Веранда у Мамая сплошь в рисунках с полунагими бабами, будто полигон для любовных утех. Лешка уже с первым опытом. Правда, Ольга немного поломалась, шуточки ввертывала: «У тебя волосики уже выросли? Покажи…» Отдавалась она беззастенчиво, целовалась безумно, пленительно. Лешку с первого раза не отпустила. После свидания его аж покачивало.
— Ты сам-то чего ее не клеишь? — спросил он Мамая.
— Эту драную кошку не хочу… Ко мне сегодня вечером Мариша придет. Такая лялька, еще в школе учится. Целячок ей сломал на прошлой неделе. Теперь ее разогнать надо, чтоб горячая стала.
— Какая Маринка? Из какой школы?
— Не твоего ума дело… Дуплись вон с лахудрой Ольгой и радуйся!

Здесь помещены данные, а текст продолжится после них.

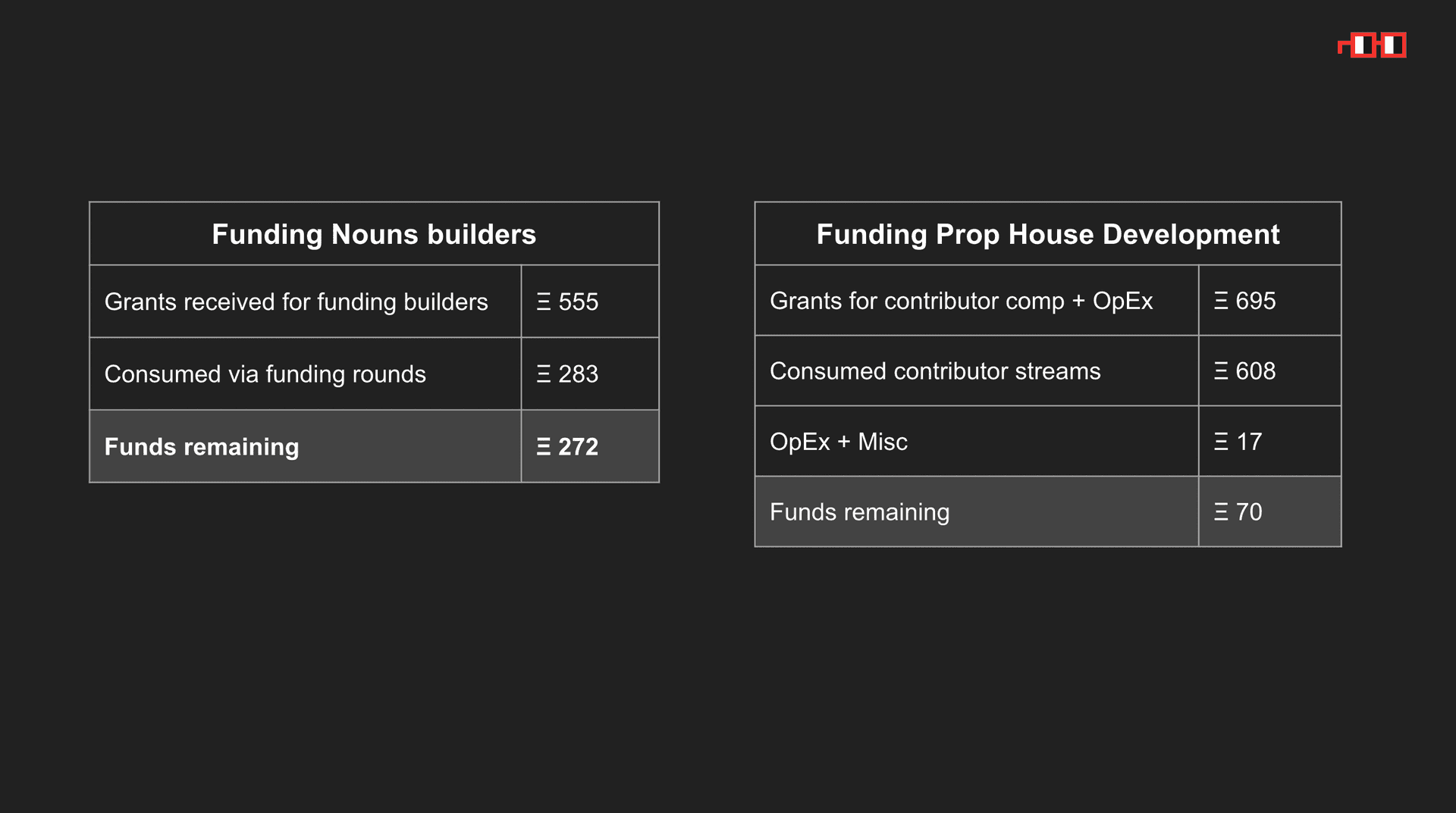 Over the course of one year and three proposals (#23, #62, #105), Nouns DAO has funded the Prop House team 555 ETH for deploying towards Nouns builders and 695 ETH for development and operating expenses.

Лешка с подозрением и завистью взирал на Мамая. Он был крепок телом, жилистый, в татуировках, было в нем что-то животное, звериное; вероятно, такое нравилось опытным женщинам, в нем чувствовалась мужичья сила и плотская власть. О своих женщинах Мамай рассказывал грязно, с похабными подробностями, с насмехательским цинизмом. Лешка, мечтавший о мужском опыте, слушал с брезгливостью, но кое-что на ус мотал.
Сейчас он подивился. Надо же, Мамай Ольгой побрезговал! Да от нее с ума можно сойти… Какую-то девственницу из школы ждет. Безмозглым девкам такие, видать, нравятся. Чем с ними злее, тем для них слаще…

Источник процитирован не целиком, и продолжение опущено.